Offiziellen Angaben zufolge wurden etwa 100 Fabriken beschädigt. Betroffen waren demnach auch Firmengebäude von taiwanischen Konzernen, die für chinesische Unternehmen gehalten wurden. Die Türen der Gebäude seien aufgebrochen und Fenster eingeschlagen worden. "Sie dachten, Taiwan sei Teil von China", sagte ein Polizeisprecher.

Den Angaben zufolge demonstrierten etwa 19 000 Arbeiter gegen China. Einträge in sozialen Netzwerken und Blogs von Dissidenten legten ebenfalls nahe, dass es sich um Massenproteste handelte - was im autoritär regierten Vietnam höchst ungewöhnlich ist. Veröffentlichte Bilder und Videos zeigen Protestteilnehmer dabei, wie sie Fabriktore zerstörten, Fenster einwarfen und Büros verwüsteten.

Die chinesische Regierung äußerte ihre "ernste Besorgnis" über die Vorfälle. Peking fordere die vietnamesische Regierung auf, die Ausschreitungen zu stoppen und die Täter zur Verantwortung zu ziehen, sagte eine Außenamtssprecherin. Die Sicherheit chinesischer Bürger und Unternehmen in Vietnam müsse gewährleistet sein.

Ähnlich äußerte sich Taiwans Außenminister David Lin. Taiwan bestellte den vietnamesischen Gesandten ein. Zwei Taiwaner seien bei den Protesten verletzt worden, sagte Lin.

Spekulation über bewusste Zulassung der Proteste

Gewalt gegen chinesischstämmige Menschen und ihre Firmen hat in der Region eine unselige Tradition. Viele aus dieser Gruppe sind in Südostasien im Wirtschaftsleben überdurchschnittlich erfolgreich. Die Politikwissenschaftlerin Amy Chua, selbst aus einer chinesischen Familie von den Philippinen stammend, bezeichnet Chinesen in der Region als "marktdominierende Minderheit". Mit dem Erfolg kommt allerdings der Hass: In Krisensituationen richtet sich oft der Zorn der Mehrheitsbevölkerung gegen die Minderheit. Nach dem Zusammenbruch des Suharto-Regimes in Indonesien gingen Mobs auf chinesische Geschäftsleute und deren Familien los - sie plünderten, brandschatzten und vergewaltigten.

Landeskenner vermuten, dass die vietnamesische Regierung in Hanoi die Proteste der Bevölkerung bewusst zulässt und damit ihre eigene Empörung über das chinesische Vorgehen zum Ausdruck bringt.
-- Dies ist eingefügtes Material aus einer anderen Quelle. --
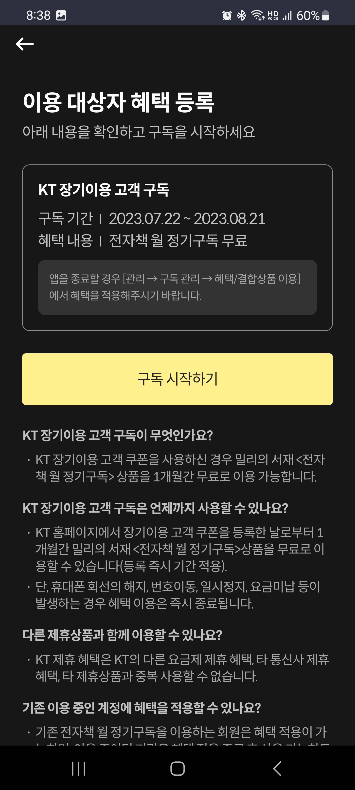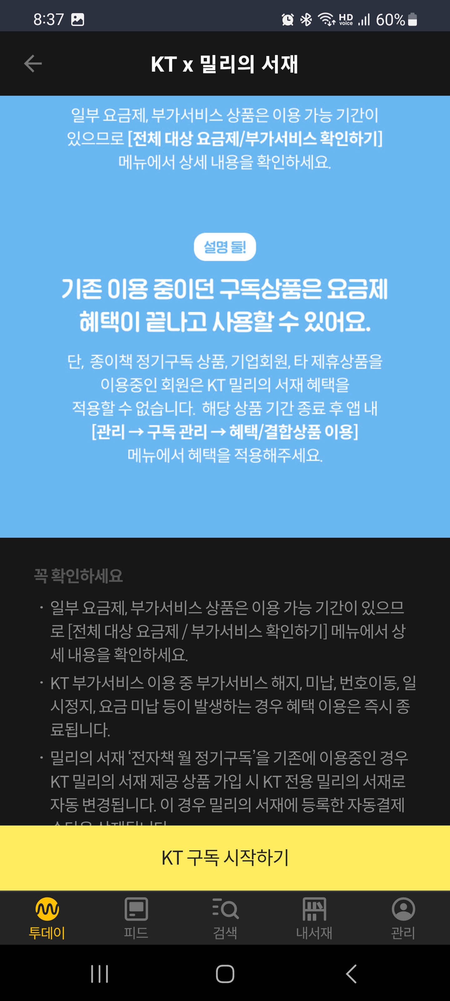 기존 구독기간이 만료되어 이번에 밀리의서재 전자책 월 정기구독 KT 제휴구독 이용으로 다시 구독 신청하였습니다. 그리고 지금 이용 중입니다. 기존 혜택 상품이 구독 완료되고 나서 등록이 가능합니다.
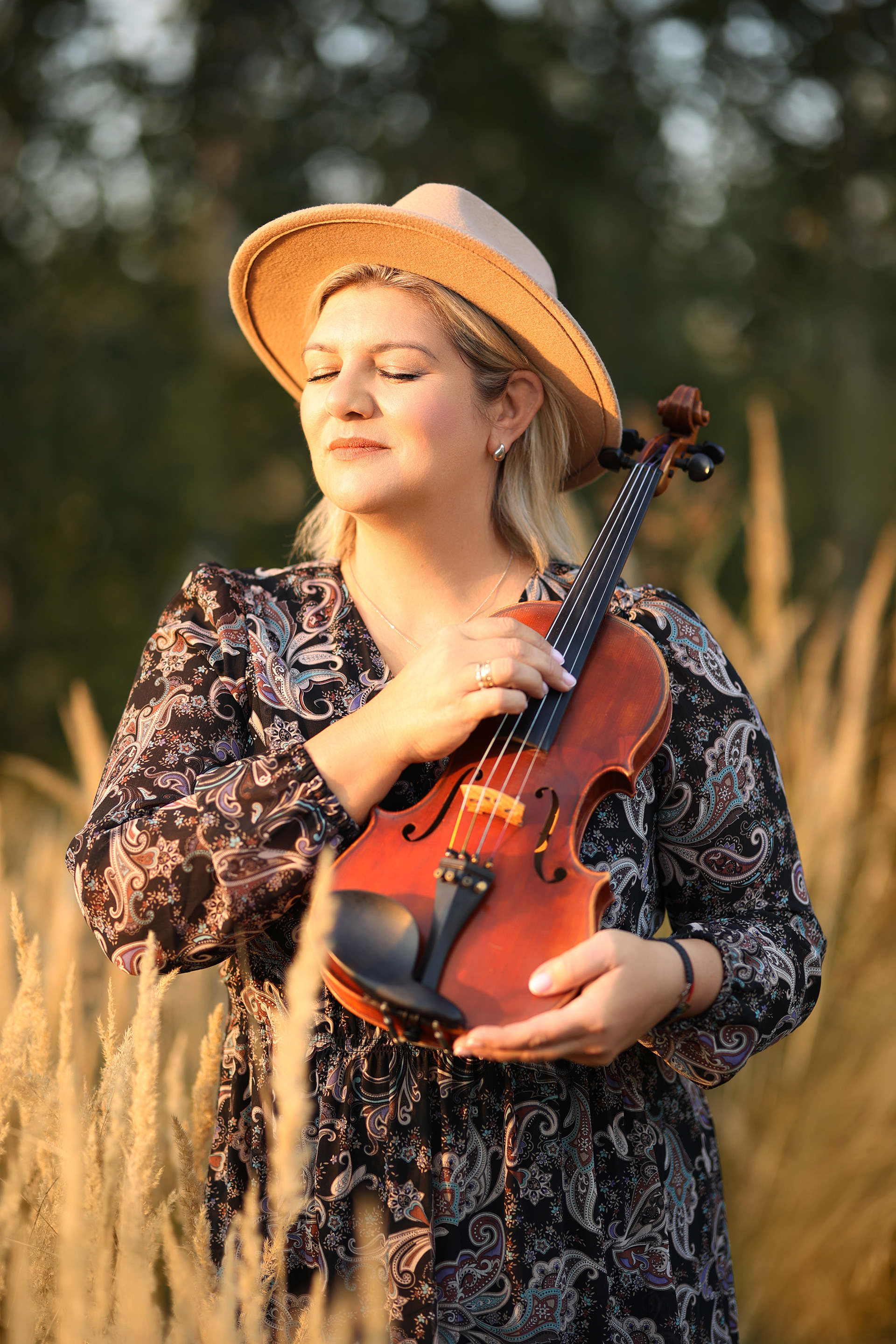 Sesja plenerowa – Kobieta i skrzypce: pasja w obiektywie Delikatność dźwięku, siła emocji i piękno natury spotykają się w jednej historii. Ta sesja plenerowa to opowieść o kobiecie, dla której muzyka jest czymś więcej niż dźwiękiem – jest sposobem na życie. Skrzypce stają się jej częścią, a każdy kadr oddaje harmonię pomiędzy artystką, instrumentem i światem wokół niej. Naturalne światło, subtelny wiatr we włosach i ciepłe barwy zachodzącego słońca tworzą tło dla emocji, które trudno opisać słowami. To sesja o pasji, wrażliwości i sile kobiecości – o chwilach, w których muzyka i fotografia łączą się w jedno.
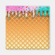 Pink, purple and mint green ice cream dripping on a waffle cone with multicolored pastel sprinkles.
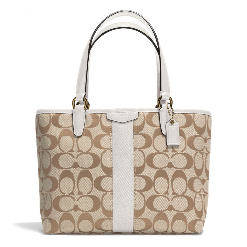SIGNATURE STRIPE TOP HANDLE TOTE (COACH F51156)
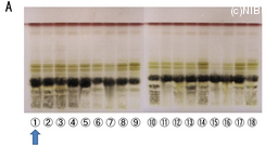 | Condition | (試料調製)各試料の粉末0.1 gにメタノール1.0 mLを加え、約5分間超音波処理を行った。遠心分離後、得られた上清を試料溶液とした。 (TLC条件)注入量:試料溶液5 μL、標準溶液1 μL(1 mg/mL)、展開溶媒:酢酸エチル/1-プロパノール/水/酢酸(7:5:4:1)、検出:希硫酸試液噴霧後、加熱。 |
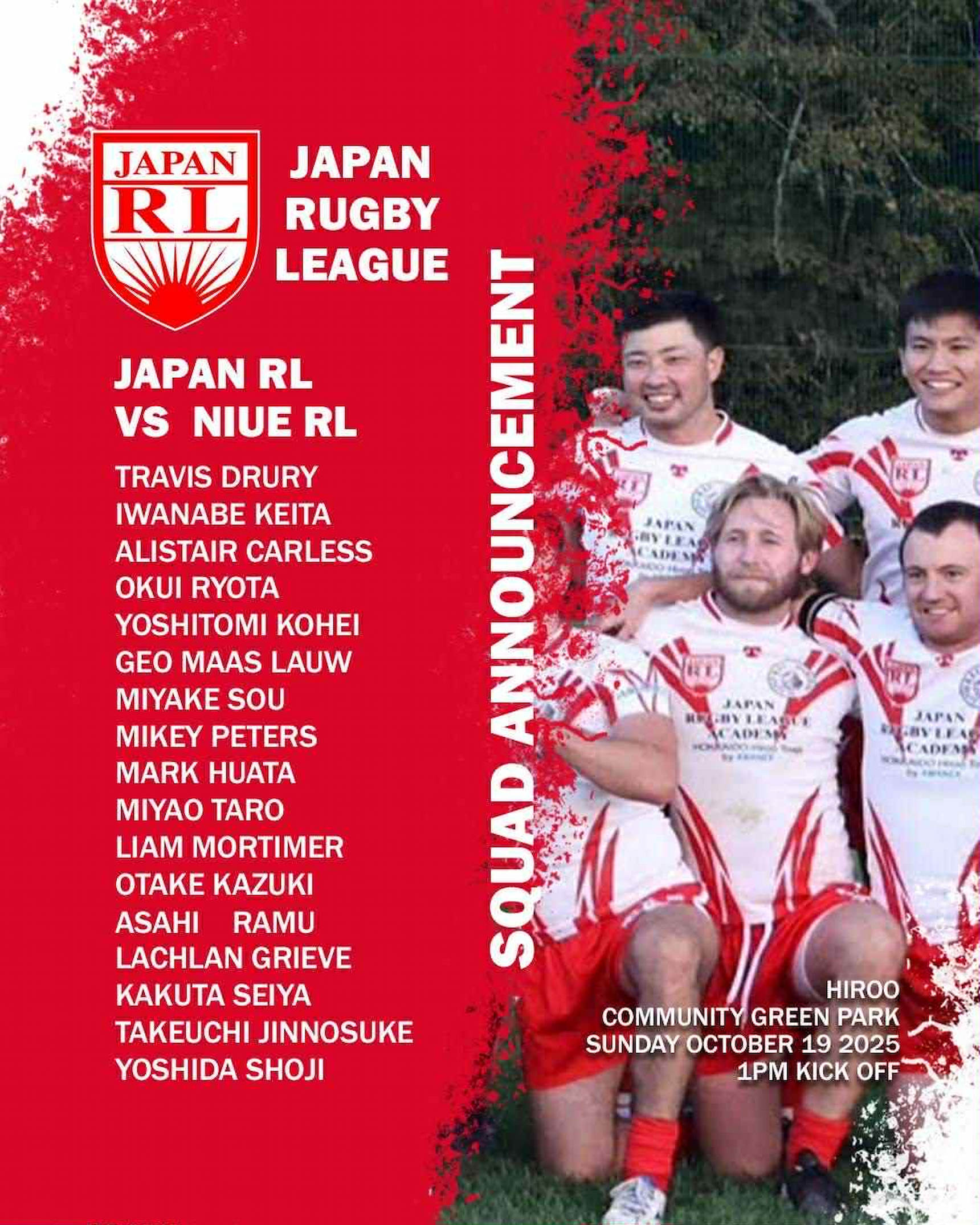 10月19日に行われる13人制ラグビー、ニウエ代表戦の日本代表のメンバー

Normalerweise werden Demonstrationen in Vietnam von den Sicherheitsbehörden unterbunden. Zuletzt wurden aber mehrere gegen China gerichtete Kundegebungen zugelassen.

China und Vietnam streiten sich seit Jahrzehnten um Inseln im Südchinesischen Meer. Der Konflikt hatte sich Anfang Mai zugespitzt, als Peking eine Tiefseebohrplattform vor die Paracel-Inselgruppe verlegte. Hanoi schickte Schiffe in die Gegend, die dort nach eigenen Angaben von chinesischen Schiffen angegriffen und gerammt wurden. China warf seinerseits den vietnamesischen Schiffen vor, seine Schiffe dutzende Male gerammt zu haben. Im Südchinesischen Meer kommt es im Streit um Gebietsansprüche immer wieder zu Zwischenfällen. China beansprucht fast das gesamte Seegebiet für sich, in dem große Rohstoffvorkommen vermutet werden. Doch auch andere ASEAN-Mitglieder, allen voran Vietnam und die Philippinen, erheben Ansprüche.